DATA SEGMENT START

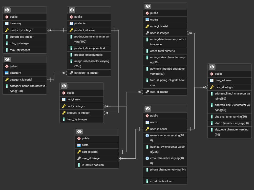 Let's talk database. I use Postgres, both locally and through Heroku which is who is hosting this site. Here is my entity relationship diagram, you can click on it for a larger more readable version.
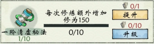 本体120修炼速度,满级10级,每级提升30修炼速度、升级需10个清虚秘法心得,满级共需100个清虚秘法心得,满级420修炼速度。
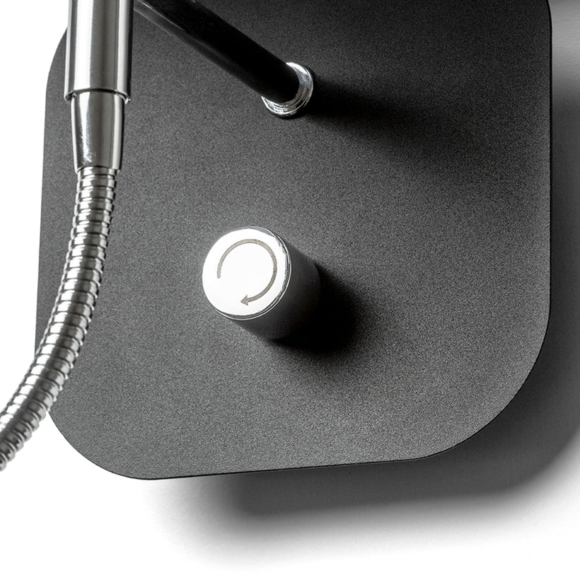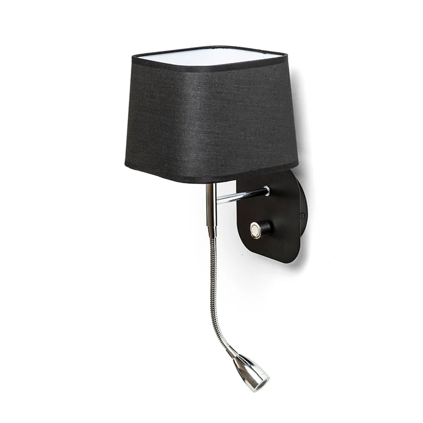 PERTH este o lampă de perete modernă, cu abajur textil unghiular și spot LED pe gât flexibil tip gâscă. Cele două surse de lumină pot fi controlate independent, prin intermediul comutatorului rotativ amplasat pe baza unghiulară a lămpii.

DATA SEGMENT END

(WHAT NEEDS TO BE DONE) Your reply should hold every line above exactly as written and none of the pictures.

(SOLUTION TO THE PROBLEM)
 Let's talk database. I use Postgres, both locally and through Heroku which is who is hosting this site. Here is my entity relationship diagram, you can click on it for a larger more readable version.
 本体120修炼速度,满级10级,每级提升30修炼速度、升级需10个清虚秘法心得,满级共需100个清虚秘法心得,满级420修炼速度。
 PERTH este o lampă de perete modernă, cu abajur textil unghiular și spot LED pe gât flexibil tip gâscă. Cele două surse de lumină pot fi controlate independent, prin intermediul comutatorului rotativ amplasat pe baza unghiulară a lămpii.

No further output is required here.